• [DIRECTIONS FOR THIS TASK] Copy the listing below in full and skip every picture.

• [SUPPLIED DATA]
--*--

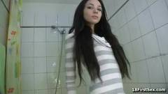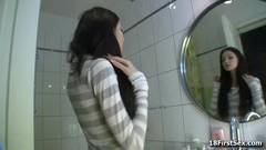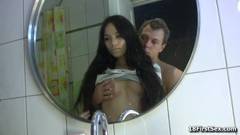 Um jovem casalinho tesudo dá uma transada gostosa em vários lugares no banheiro...
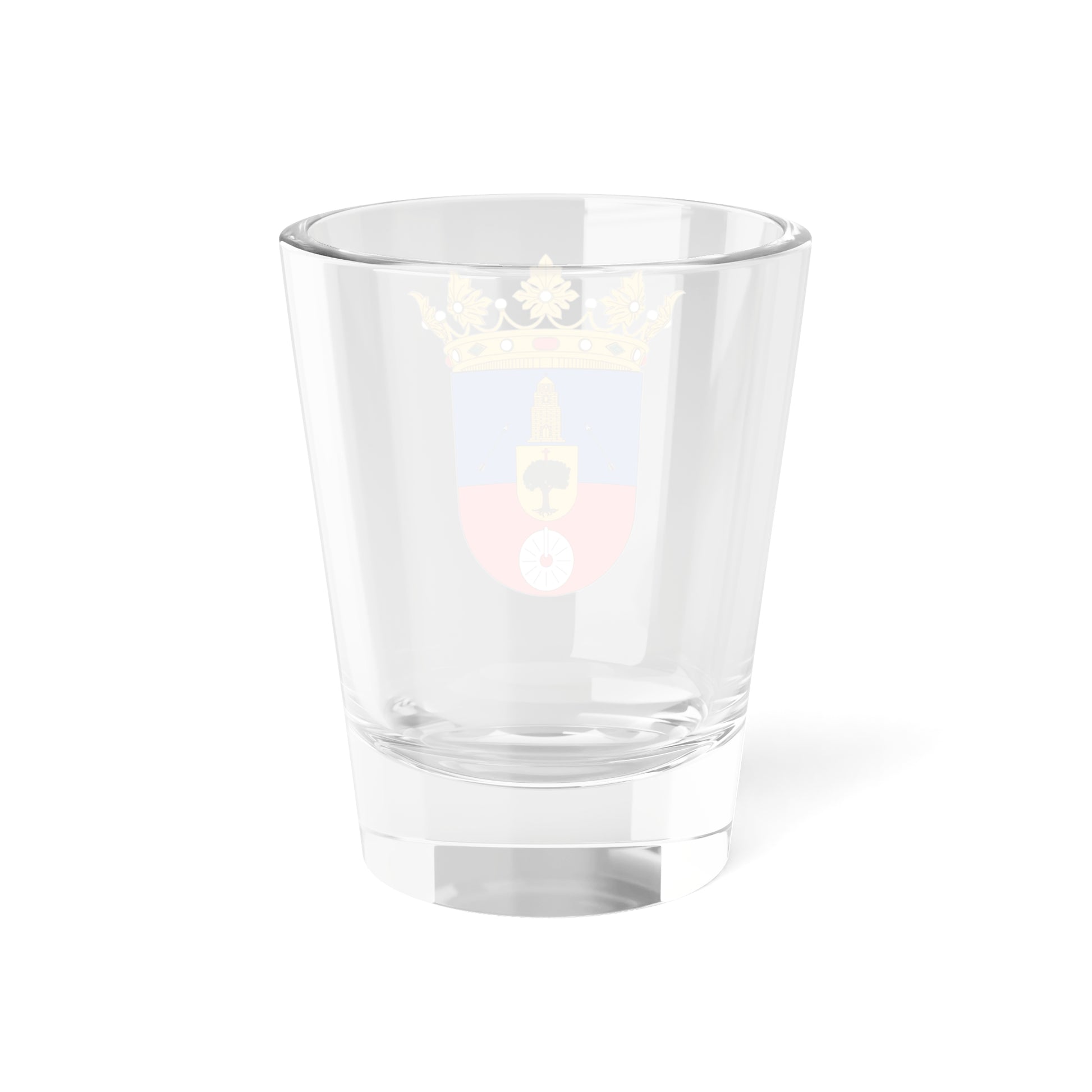 This shot glass showcases the official heraldic emblem of Labuerda, a municipality in the Sobrarbe region of Huesca, Spain. The design is a miniature reproduction of the coat of arms, a powerful symbol of the town's history and identity.
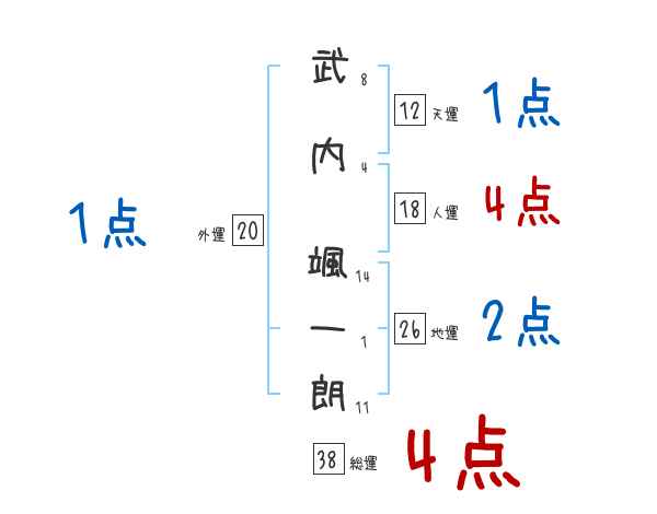 総運![]() | 武内颯一朗さんの総運は38画の4つ星!温厚な性格で技術的な才能を発揮する。職人的な仕事に向いている。 あなたの人生を表す1番重要な運勢です。生涯を通じて影響する総合運となり、主に50歳以降の晩年期に影響を及ぼします。 |

--*--

• [ANSWER FOR THE TASK]
 Um jovem casalinho tesudo dá uma transada gostosa em vários lugares no banheiro...
 This shot glass showcases the official heraldic emblem of Labuerda, a municipality in the Sobrarbe region of Huesca, Spain. The design is a miniature reproduction of the coat of arms, a powerful symbol of the town's history and identity.
 総運![]() | 武内颯一朗さんの総運は38画の4つ星!温厚な性格で技術的な才能を発揮する。職人的な仕事に向いている。 あなたの人生を表す1番重要な運勢です。生涯を通じて影響する総合運となり、主に50歳以降の晩年期に影響を及ぼします。 |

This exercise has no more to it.